I had a brief experience of it in the late 1980s. When I interviewed Winnie for Vanity Fair at the ANC headquarters in Johannesburg, after spending several months investigating the events surrounding her notorious Mandela United Football Club, I have to admit I was seduced by her charm. Then in her fifties, she was warm, witty, empathetic and radiantly beautiful. It was difficult to reconcile the person sitting in front of me with the picture people in Soweto had been painting of a violent devil-woman drenched in blood.

We talked at length about what everyone called “the struggle” — the years of suffering she had endured at the hands of the white Nationalist government. Then I said I had to ask her about the allegations surrounding the recent murder of fourteen-year-old Stompie Moeketsi Seipei. She immediately leapt to her feet, kissed me fully on the lips, smiled disarmingly and swept out of the room, declaring, almost as an afterthought: “I deny all the allegations with the contempt they deserve.” At the time it seemed a surreal encounter. With hindsight it was just another day in the life.

What unfolds in Steinberg’s book is a complex Shakespearian tale of two charismatic figures who were thrown together in the dark days of apartheid. The marriage between the world’s most famous political prisoner and the liberation movement’s first lady lasted thirty-four years, most of it conducted in parallel worlds. Within twenty months of their wedding in 1958, the couple had had two daughters, Nelson had been arrested for treason and gone underground, then been rearrested, tried and imprisoned for twenty-seven years.
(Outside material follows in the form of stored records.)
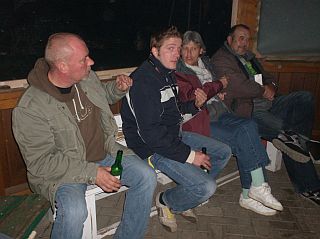 In vielen kleinen Grüppchen wirds ein lustiger Abend. Gegen Mitternacht verkriechen sich die meisten, und wie immer bleibt ein harter Kern am Feuer zurück.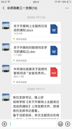 主题党日活动期间,教工一支部书记闫志国、科研二支部书记谌伟民在支部微信群、QQ群就“同心抗‘疫’,党旗飘扬”为主题为支部党员们讲授了一次线上微党课。党课传达学习了习近平总书记在统筹推进新冠肺炎疫情防控和经济社会发展工作部署会议上的讲话精神、习近平总书记在中央政治局常委会会议研究应对新型冠状病毒肺炎疫情工作时的讲话等重要内容,讲述了此次战“疫”期间冲在一线的优秀共产党员的战“疫”事迹,学习他们担当、敬业、奉献的精神。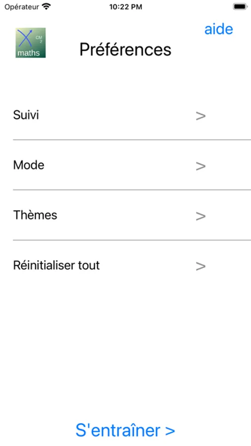 Simple d'utilisation pour l'enfant, l'application propose des exercices par thème et par niveau puis affiche la correction.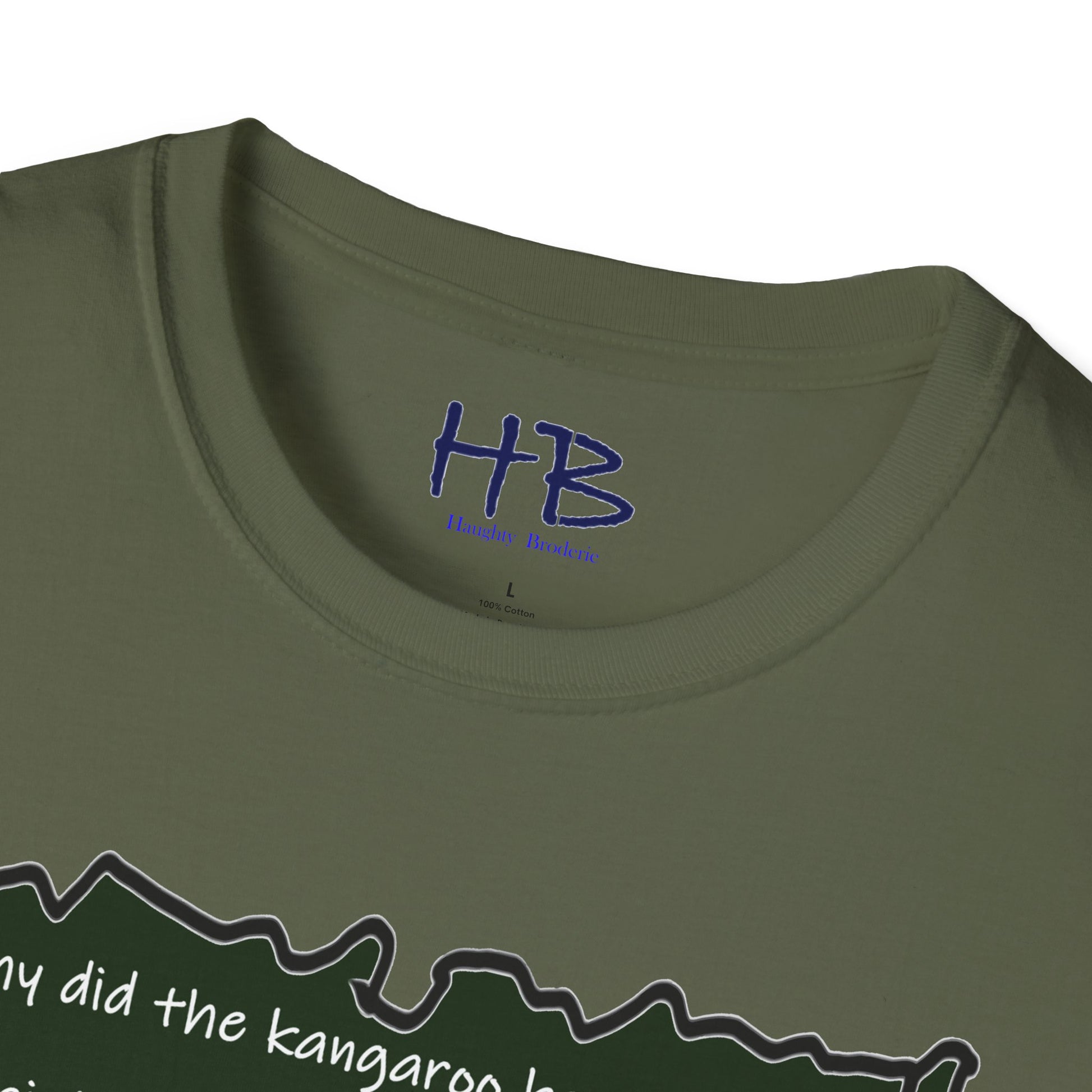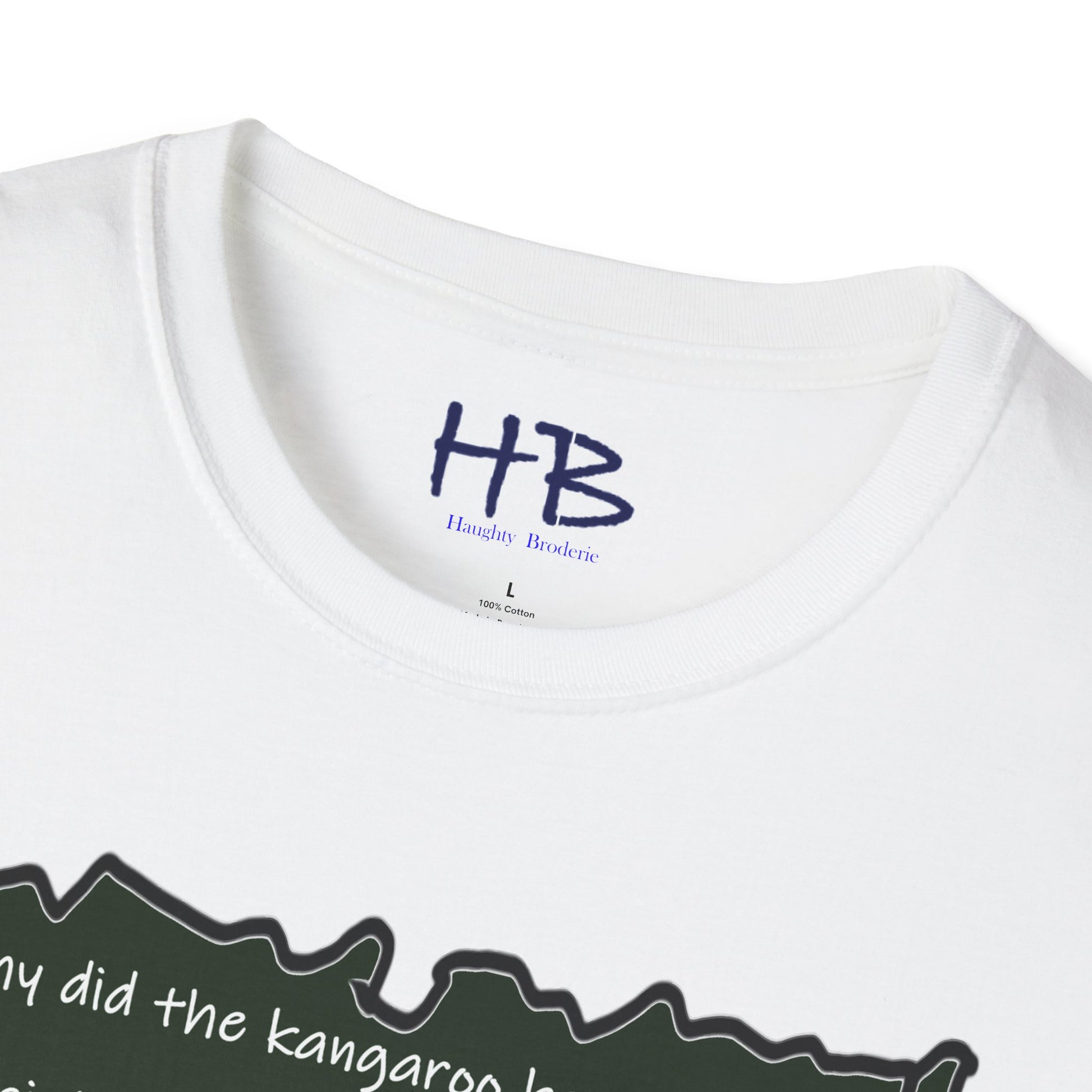 Introducing our incredible, one-of-a-kind garment – a wearable work of art! This exquisite piece showcases an absolutely stunning kangaroo, resplendent in its natural habitat, surrounded by lush, vibrant grasslands. Its colossal ears stand out like nature's own satellite dishes, tuning in to the world's secrets. And to add a touch of whimsy, we've paired this mesmerizing image with a light-hearted joke that's bound to leave you and those around you in stitches.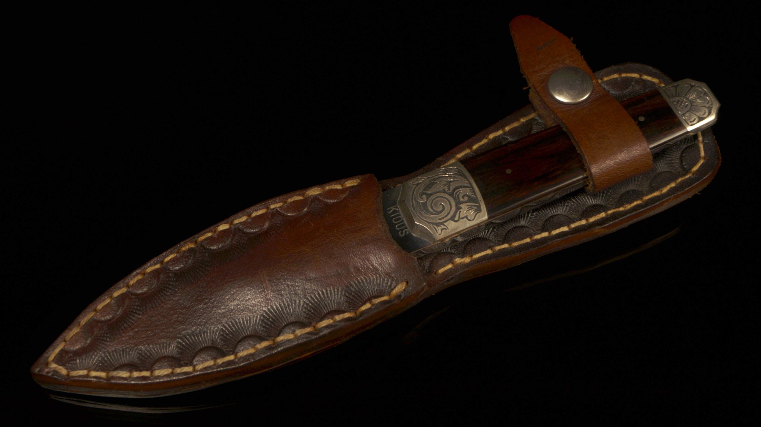 Elevate your collection with this exquisite Joe Kious Custom Boot Knife, a masterclass in functional art from one of the most respected names in the knife-making world. This fixed-blade dagger features a precision-ground, mirror-polished spear point blade that perfectly complements its rich, dark hardwood handle. The true standout of this piece is the intricate hand-engraved scrollwork on the silver-toned bolsters and pommel cap, showcasing the late Master Smith’s legendary attention to detail. Paired with a robust, hand-tooled leather sheath featuring decorative scalloped edges and a secure snap closure, this knife isn’t just a tool—it’s a legacy piece for the discerning enthusiast. Whether you are a fan of high-end tactical daggers or fine art knives, this Joe Kious original represents the pinnacle of American custom cutlery.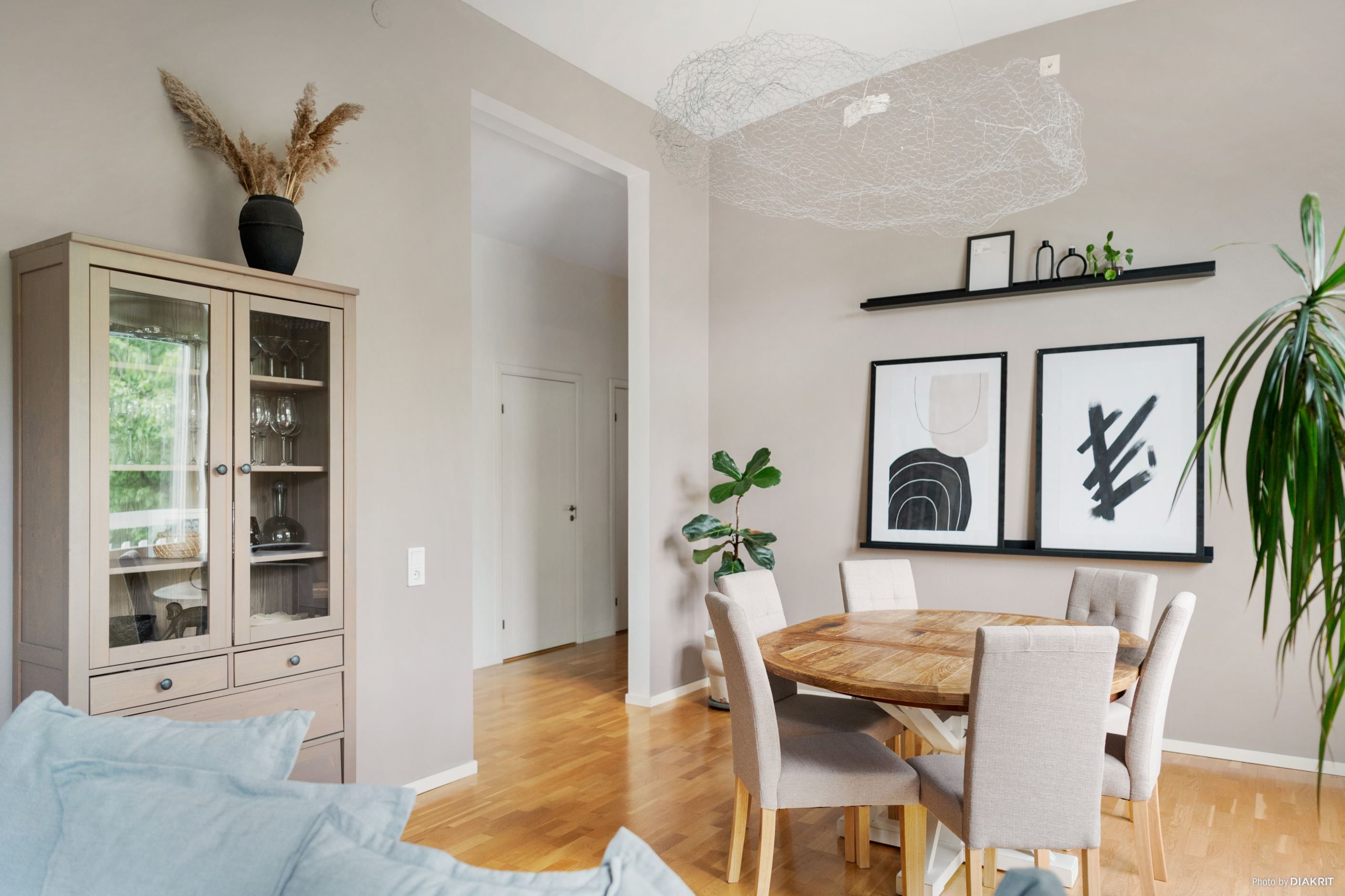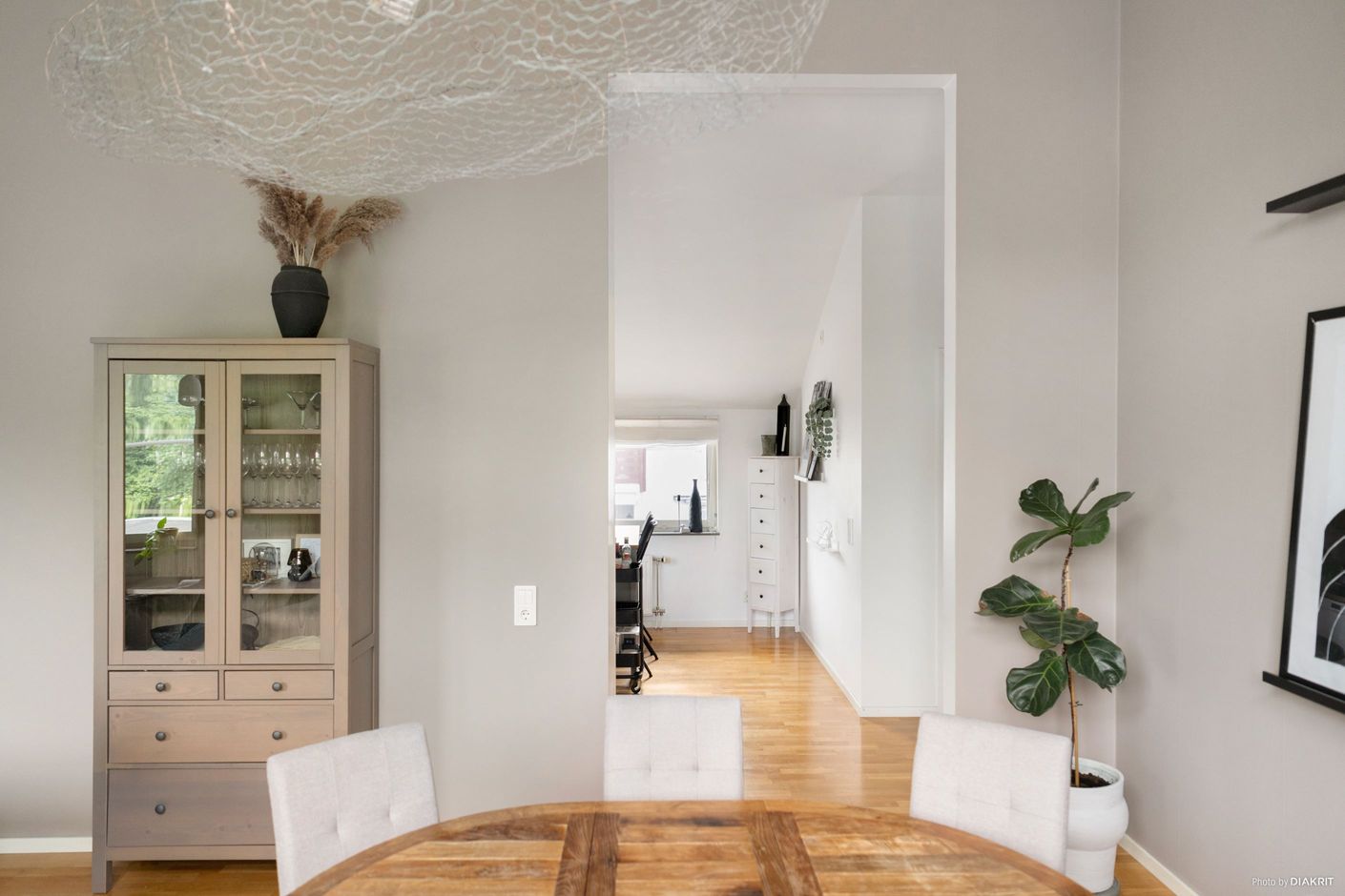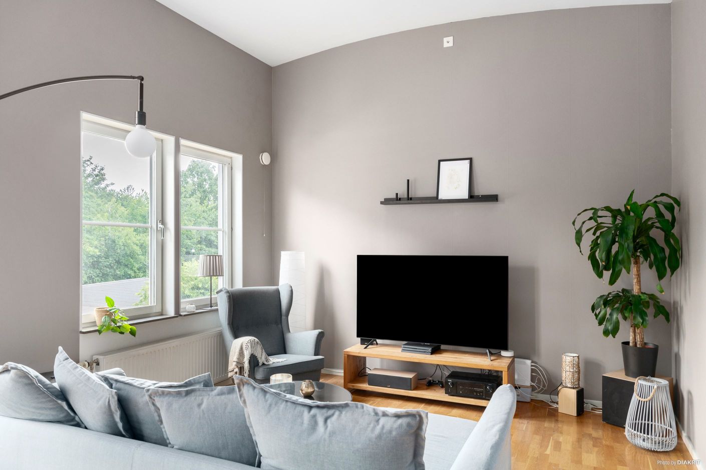 Bostadens planlösning är både praktisk och social. Vardagsrummet erbjuder gott om plats för soffgrupp och matbord, med en naturlig övergång till köket som är funktionellt och stilrent med bra arbetsytor. De två sovrummen ligger avskilt för maximal integritet, perfekta som barnrum, arbetsrum eller gästrum.

By the time he re-emerged in February 1990 the world — and Winnie — had changed.

Over those decades Winnie metamorphosed from “shy country girl,” as she described herself to me, to a political firebrand and international celebrity, to street criminal and enemy of her own people, to populist politician without portfolio. In fact, throughout all of this, those who knew her well thought she remained pretty much the same person. As the South African political commentator Allister Sparks said: “The essential qualities — her imperiousness, her willfulness, the combative and survivalist spirit — that helped her get through the hard years also brought about her downfall.”

As with all great tragic narratives, it is in Steinberg’s final chapters that we come fully to understand the scale of this story. Having been divorced and estranged from Winnie for fifteen years, and remarried to the saintly Graça Machel, Nelson, who was now suffering from dementia, called for Winnie on his deathbed. It was she who was at his side, comforting him in his last days.

Five years later Winnie died, and her funeral, at Orlando Stadium, just a mile from the couple’s former marital home, became an ideological battleground, where Winnie was generally revered as an unbending revolutionary force and Nelson dismissed as “an old gentleman from the past.”

Suddenly, the man who had been largely credited with the peaceful transition from the old to the new South Africa was regarded as a collaborator, an Uncle Tom. Steinberg writes:  

Most profoundly, when young people looked for a usable past, they increasingly turned their gaze from Nelson, searching for figures who had been suppressed, figures like Steve Biko, Robert Sobukwe and, indeed, Winnie Madikizela-Mandela.